=== Information given ===
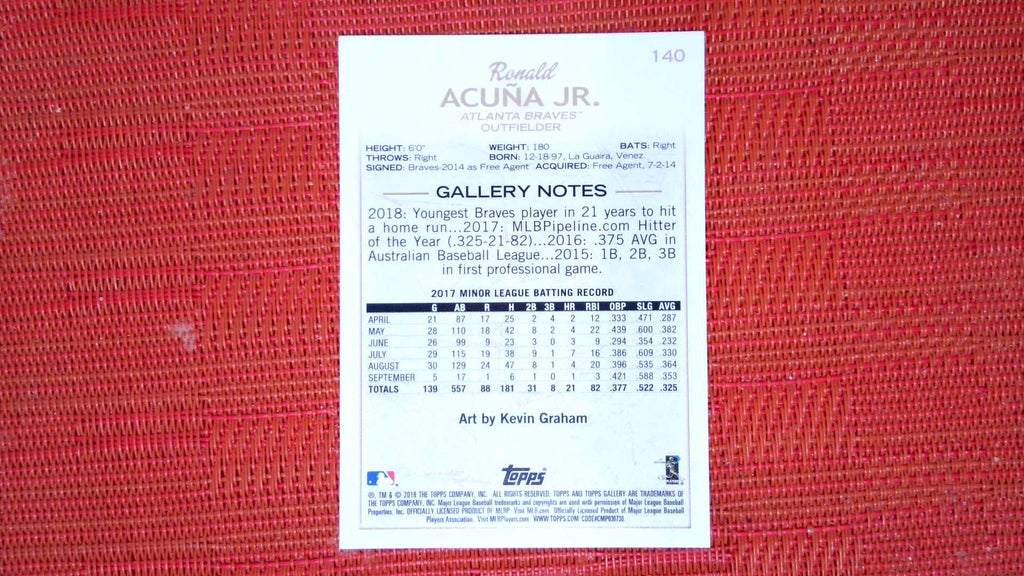 This is a nice example of a 2018 Topps Gallery #140 Ronald Acuña Jr. .
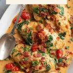 This Smothered BLT Chicken recipe features tender boneless skinless chicken breasts cooked to golden perfection and topped with a flavorful sauce made from crispy bacon, fresh spinach, juicy grape tomatoes, garlic, and parmesan cheese, all enriched with a creamy chicken broth base. It's a comforting and satisfying dish that's perfect for a hearty dinner.
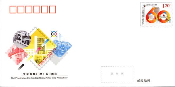 中国邮政定于2019年9月25日发行《北京邮票厂建厂60周年》纪念邮资信封1套1枚。详情如下:
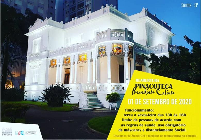 PORTAS ABERTAS – A Pinacoteca Benedicto Calixto reabriu hoje ao público após meses de portas fechadas por causa da pandemia do coronavírus. Os visitantes poderão conhecer o casarão branco que tanta identidade tem com a história de Santos e também conferir a exposição permanente das obras do pintor que dá nome ao lugar, Benedicto Calixto.
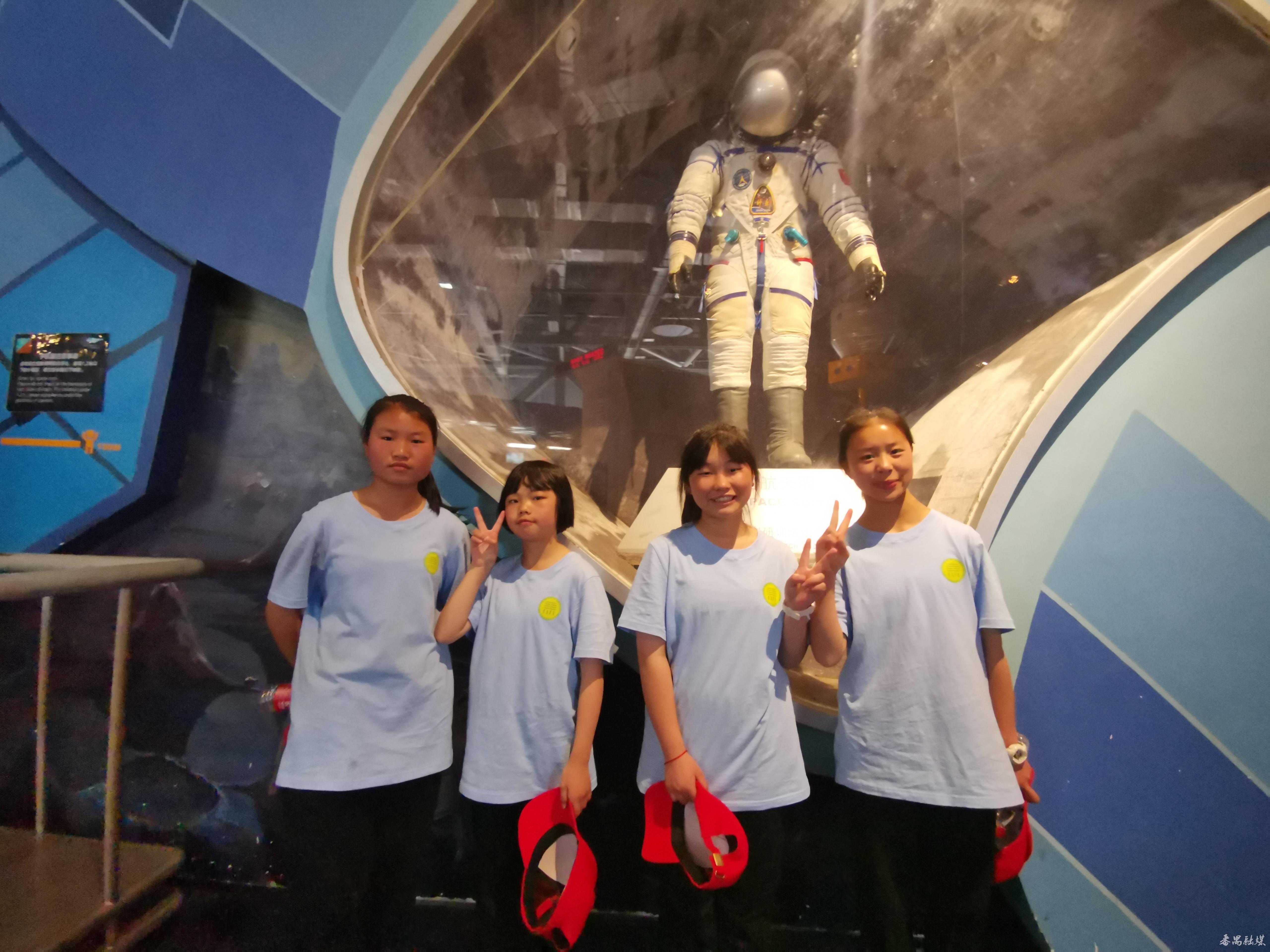 孩子们和宇航员的航天服合影
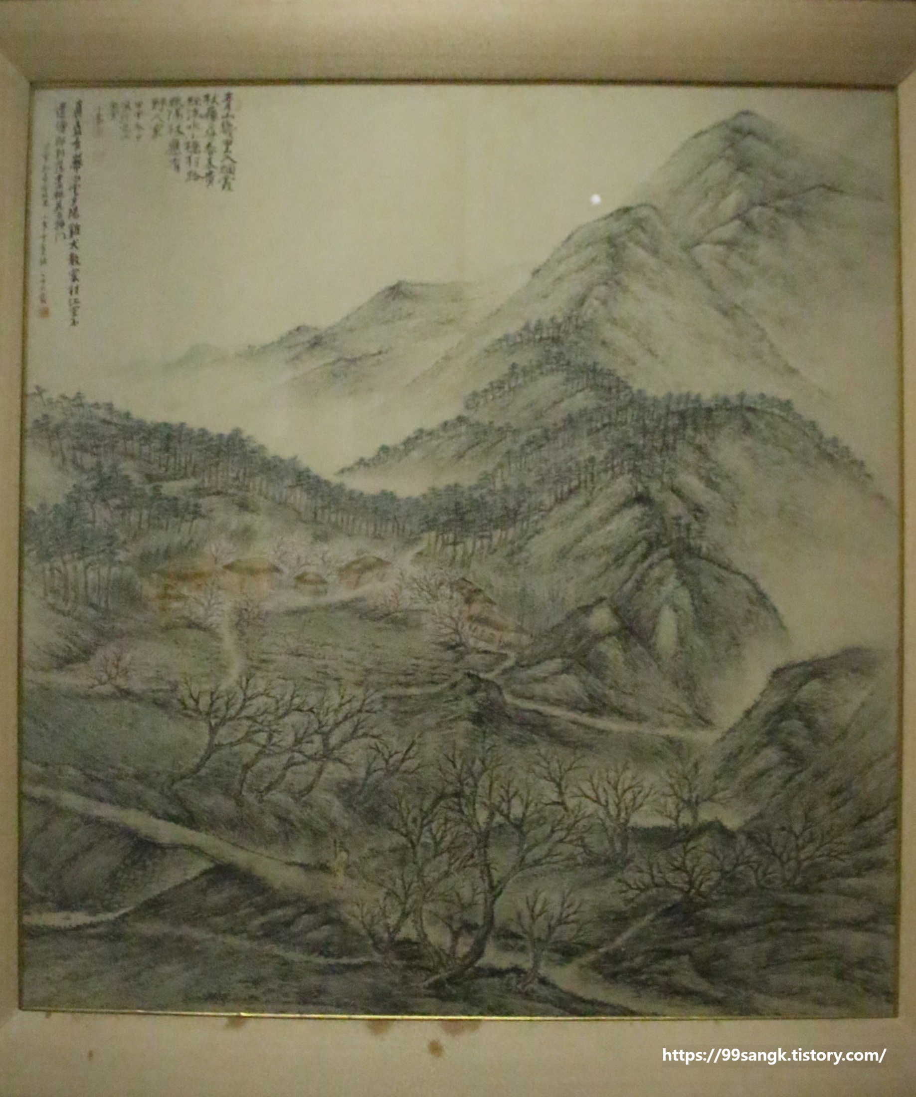 작품 왼쪽 상단에 적힌 1944년 제발문은 명나라 문인 임환(1519~1561)의 시이며, 1974년 추가된 제발문은 명나라 서예가 문장명(1470~1559)의 시로, 이상향 도원경(桃源境)을 연상케 하는 실경 기반의 이상적 풍경을 담고 있음을 알 수 있다.
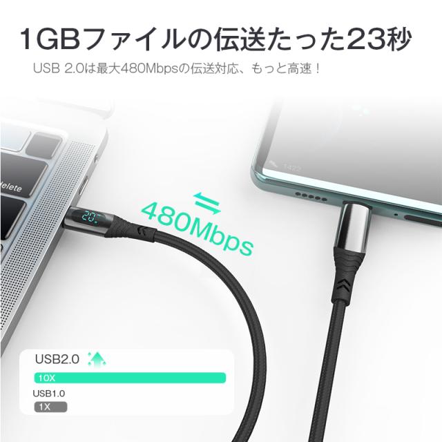 メリット1:次世代の転送規格2.0に対応!速度は最大480Mbpsとなっています。超高速データ転送が可能に。
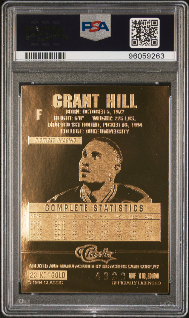 1994 Bleachers Grant Hill Classic 23K Gold /10000 PSA 9 (Pop 4, 1 Higher)
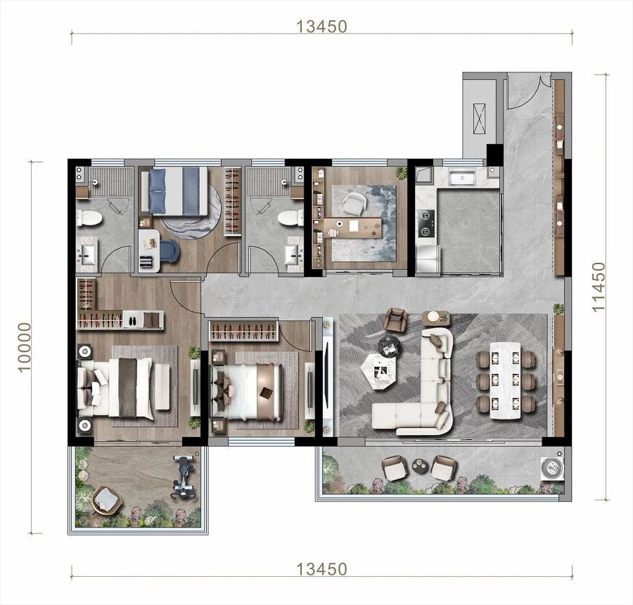建面约143㎡四居室产品,在北向多出一间书房,同时完全实现了宽幕横厅的设计,拥有超大观景台,大气、空间感十足。
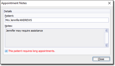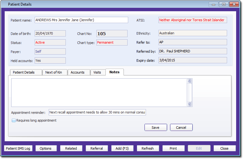 Pracsoft enables you to record permanent notes for a patient, that appear each time you schedule an appointment for them. This information is not recorded via the Appointment Book, but rather from within the patient's record, as explained below.
===
* How to complete this task
Using the records above, extract exactly and only the lines from the one with "1994 Bleachers Grant" through the final line, inclusive, leaving out pictures.

* Solved problem
 1994 Bleachers Grant Hill Classic 23K Gold /10000 PSA 9 (Pop 4, 1 Higher)
建面约143㎡四居室产品,在北向多出一间书房,同时完全实现了宽幕横厅的设计,拥有超大观景台,大气、空间感十足。
 Pracsoft enables you to record permanent notes for a patient, that appear each time you schedule an appointment for them. This information is not recorded via the Appointment Book, but rather from within the patient's record, as explained below.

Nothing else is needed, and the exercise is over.